How File Scan Options are Derived
When a node scan is scheduled, the files that are requested to be scanned are derived from both the file scan options of all node groups a node is a member of as well as any files specified in attached policies in file checks. This article describes how a final set of file scan options are derived and sent to the Agent or Connection Manager to perform a scan.
Overview
File scan options are sent to the Connection Manager upon every scan request and they instruct the Connection Manager which files and directories to traverse and collect. In simple cases, a node may only inherit basic scan options of common system paths from those Cloudhouse Guardian (Guardian) prescribes, in which case the resulting files that appear in a node scan should be recognizable. In more complex cases, it may be difficult to determine why a particular file was collected during a node scan, especially if multiple sources are linked to the node group.

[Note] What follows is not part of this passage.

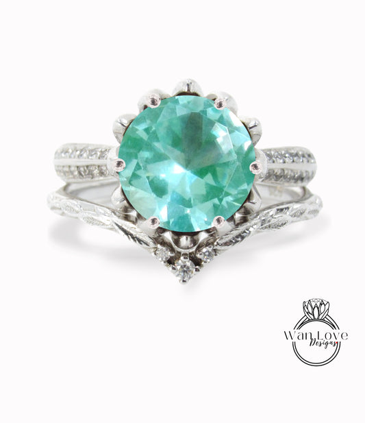 Lotus | 14K Gold Teal Blue Green Spinel & Diamond Lotus Ring Set | Teal Spinel Flower Ring | Lotus Flower Ring Set | Curved Leaf Wedding Band | Bridal Gift

Scan options are collected from a number of sources:
-
A node inherits all file scan options from all node groups it is a member of;
-
Sometimes scan options can cancel each other out if paths from one group use an exclusion rule on top of file scan options from another group;
-
For conflicting rules of inclusion and exclusion, a user specified order or precedence may be applied;
-
Policies that are assigned to node groups that contain file-based checks also have these file paths inherited.
This article provides a number of worked examples to demonstrate how a final file scan instruction set is derived and sent to a Connection Manager. This page can be particularly useful if you are designing your scan options and either cannot explain why certain files are being scanned, or if you are hitting a file scan limit.

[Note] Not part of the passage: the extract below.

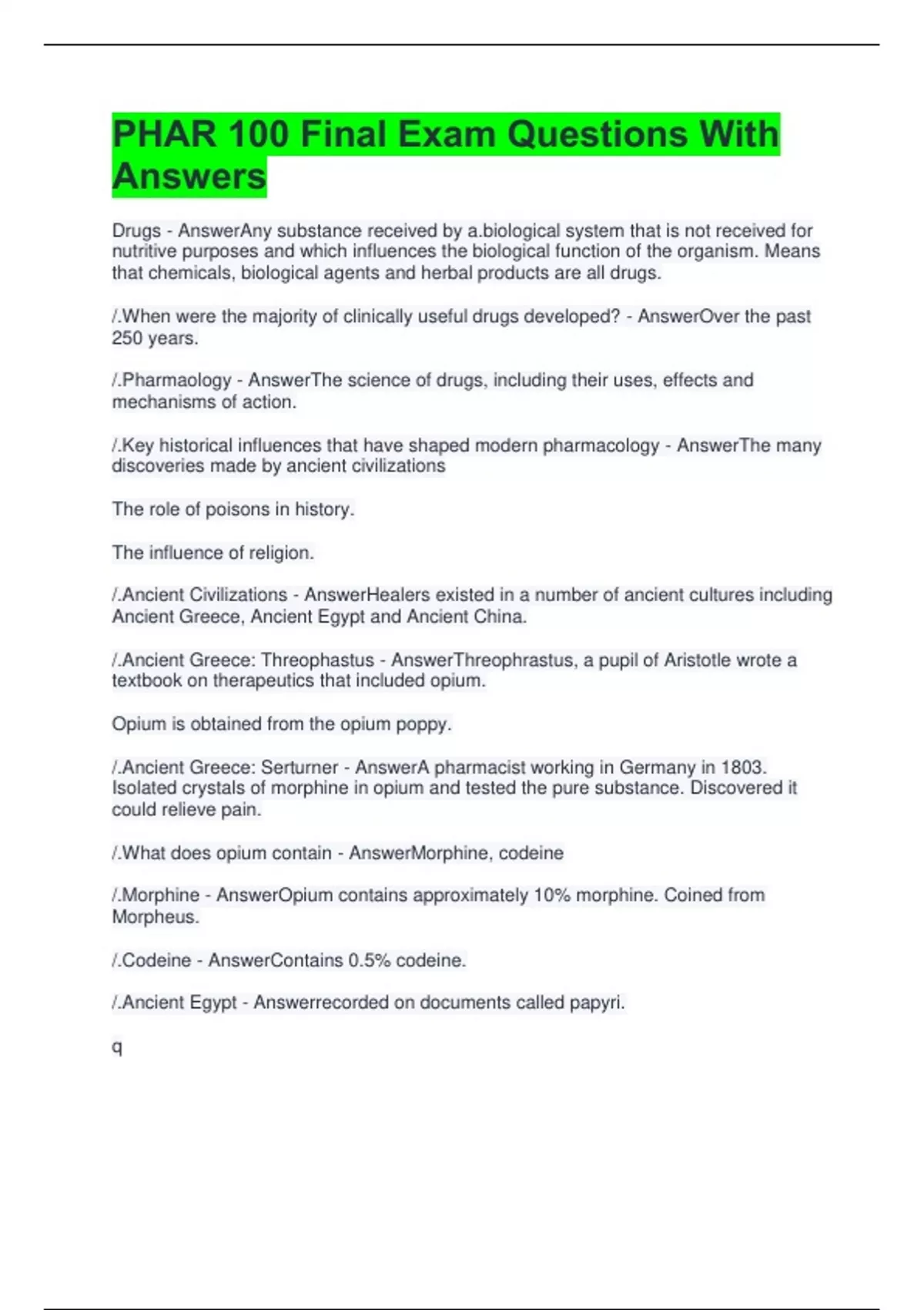 /.Key historical influences that have shaped modern pharmacology - AnswerThe many

Example 1: Scan Options from Single Node Group Membership
In this example, we will use a single Linux node. All Linux-based nodes are automatically added to the Linux node group, which contains a number of default file scan options. The following is an adapted subset of the official file scan option defaults, which we will use for this example:
-
R1.
/home/user/app/app.json
-
R2.
/etc/*.conf
-
R3.
/etc/**/*.conf
Here, our example node will inherit these paths from the Linux node group and scan:
-
the specific file at
/home/user/app/app.json
(rule 1) -
any file ending in
.conf
in the/etc
directory (rule 2) -
any file ending in
.conf
in subdirectories of/etc
(rule 3)
For more information about these scan options types, see Scan Options.
Example 2: Scan Options from Multiple Node Groups
More often than not, a node will belong to two or more node groups. For example, an app server node could belong to:
-
The
Linux
node group as it’s base operating system is Linux -
An
App Server
node group as it may have reporting, change detection or policies associated with it as part of a larger app server group of nodes -
A
Production
node group as it may have additional checks that are run on production nodes only.

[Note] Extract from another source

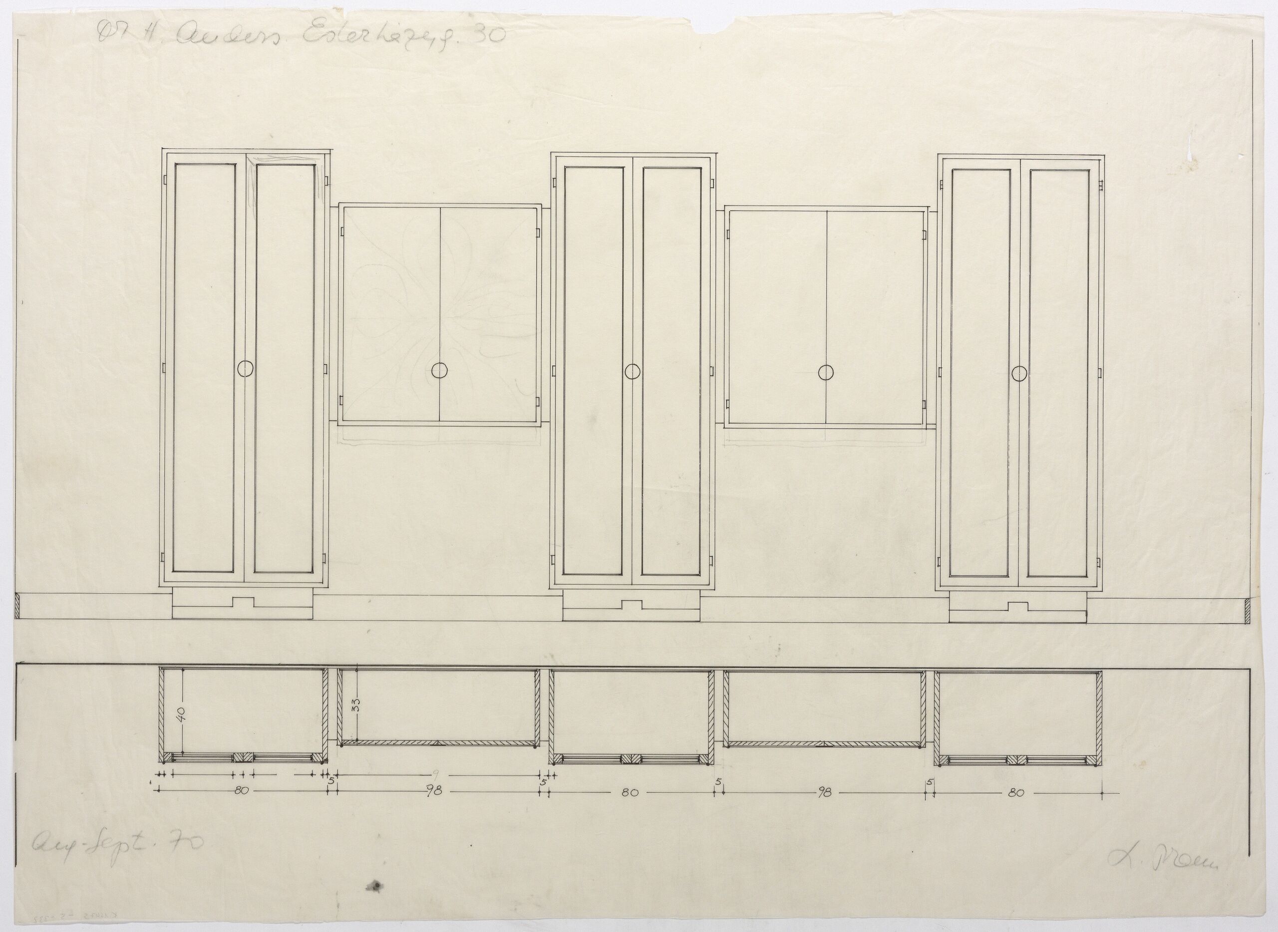 デザイン, Aufriss und Grundriss einer Wand mit Schränken im Arbeitsraum, Anna-Lülja Praun, MAK Inv.nr. KI 16475-5-332

For this example, assume the following file scan options are defined for each of these node groups.
Linux Node Group
-
R1.
/etc/*.conf
-
R2.
/etc/**/*.conf
App Server Node Group
-
R3.
/home/user/app/app.json
-
R4.
/home/user/app/db.yml
Production Node Group
-
R5.
/home/user/shared/server.key
-
R6.
/home/user/shared/server.crt
-
R7.
/home/user/app/app.json
Here, the following file scan options will be derived for this node’s node scan:
-
any file ending in
.conf
in the/etc
directory (rule 1) -
any file ending in
.conf
in subdirectories of/etc
(rule 2) -
the specific file
/home/user/app/app.json
(rule 3 and rule 7) -
the specific file
/home/user/app/db.yml
(rule 4) -
the specific file
/home/user/shared/server.key
(rule 5) -
the specific file
/home/user/shared/server.crt
(rule 6)
Here you can see that a node inherits the union of all file scan options from all node groups that it belongs to. You will also notice the the specific file at /home/user/app/app.json
is specified twice (once for the App Server
group and once for the Production
group). This entry gets deduplicated during the pre-scan derivation of file scan options.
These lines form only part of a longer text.